The function returns ‘ccw for counter-clockwise, ‘cw for clockwise, and ‘col for collinear (i.e., the points are on a straight line, which is not relevant in this application).

This allows us to have a signed-area function, using the common formula for determining the area of a triangle from just the length of the sides. We get the length of the sides by subtracting the complex numbers from each other and pulling the magnitudes of the resulting complex numbers.

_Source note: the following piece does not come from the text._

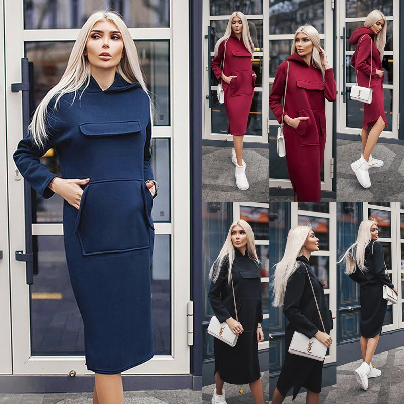 Цвет: черный/красный/синий Дизайн: с капюшоном, джемпер с карманами Посылка включает в себя: 1 женский джемпер/платье Примечание: Существует разница в 2–3 см связанная с измерением вручную.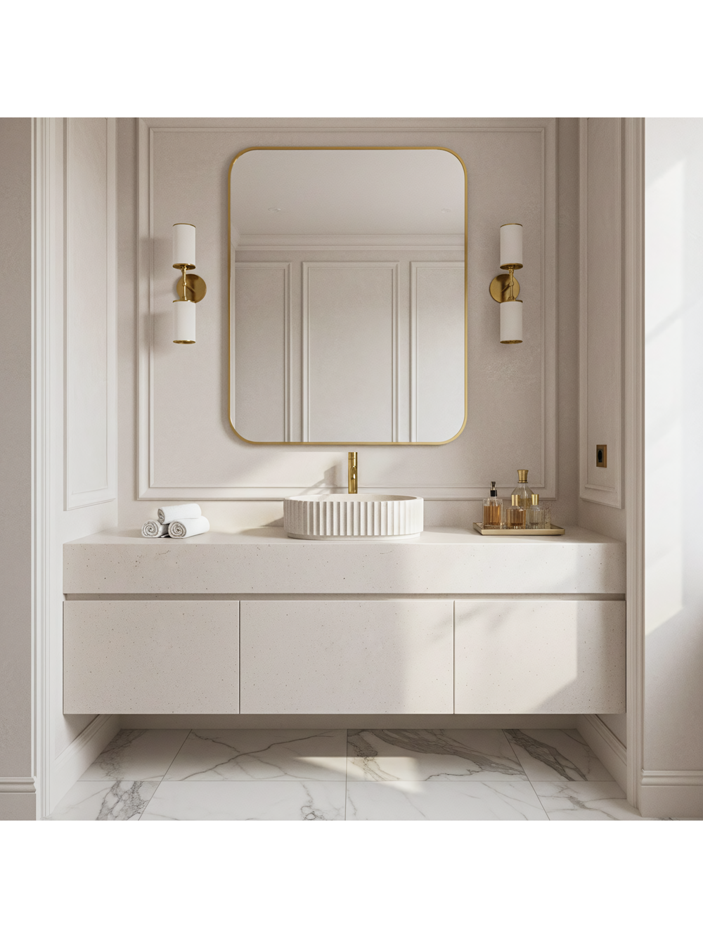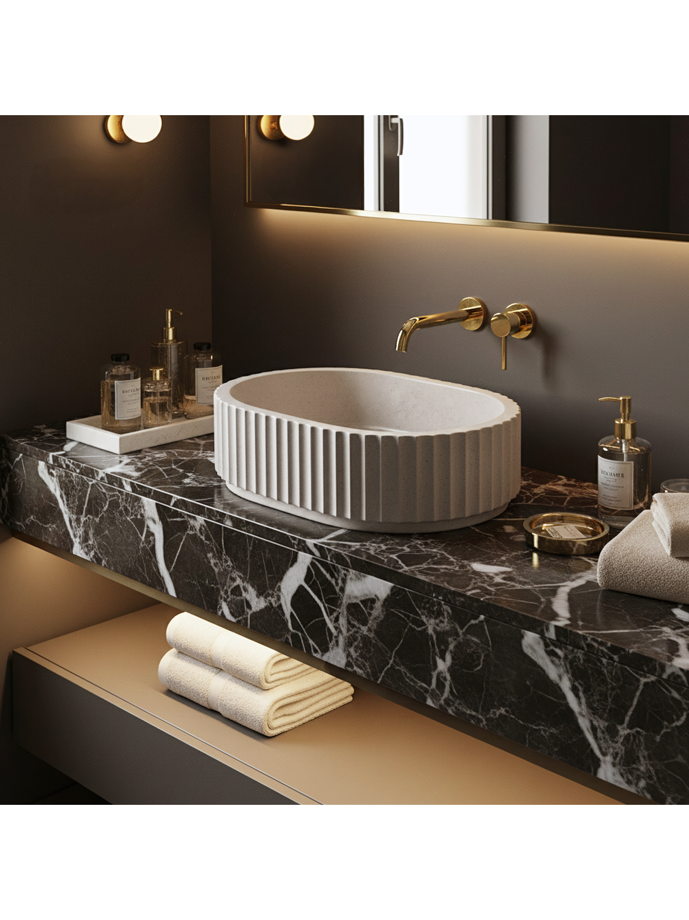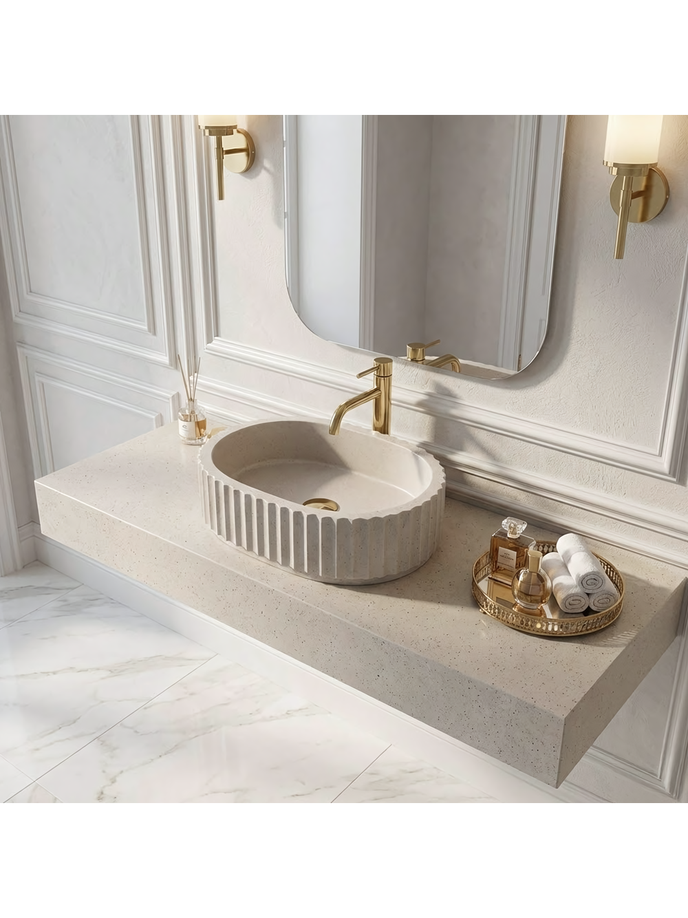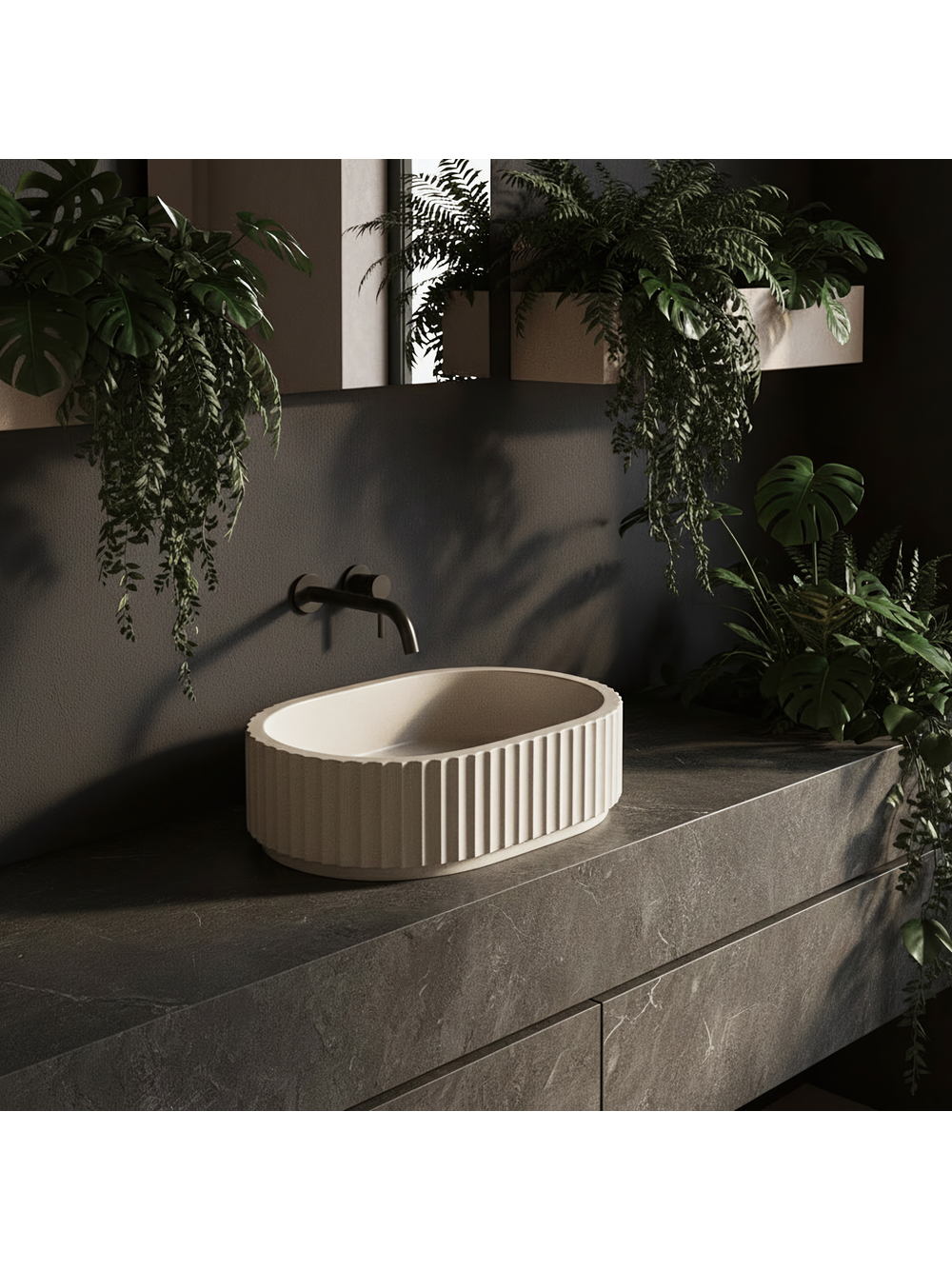 Nuanța Ivory — lavoarul este finisat într-o tonalitate deschisă și caldă de alb spart. Această culoare universală aduce lumină în interior și se potrivește perfect esteticii pietrelor naturale, precum gresia sau calcarul.

(define (signed-area A B C)
(let* ([a (magnitude (- C B))]
[b (magnitude (- A C))]
[c (magnitude (- A B))]
[s (* (+ a b c) 0.5)]
[area (sqrt (* s (- s a) (- s b) (- s c)))]
[orient (orientation A B C)])
(if (eq? orient 'ccw)
(* -1 area)
area)))

And finally we determine x, y, and z:

(define (complex->barycentric A B C P)
(let ([ABC (signed-area A B C)])
(list (/ (signed-area B C P) ABC)
(/ (signed-area C A P) ABC)
(/ (signed-area A B P) ABC))))

See, simple as Pi! Heh, heh.

racket@barycentric.rkt> (complex->barycentric 0 6 2+2i 2+i) '(0.33333333333333376 0.16666666666666657 0.5000000000000009) racket@barycentric.rkt> (barycentric->complex 0.33333333333333376 0.16666666666666657 0.5000000000000009 0 6 2+2i) 2.0000000000000013+1.0000000000000018i

So, you can see it works, though there is some very small inaccuracy introduced by the approximations that occur during the conversion operations.

I hope to explore, in future posts, some interesting applications of barycentric coordinates.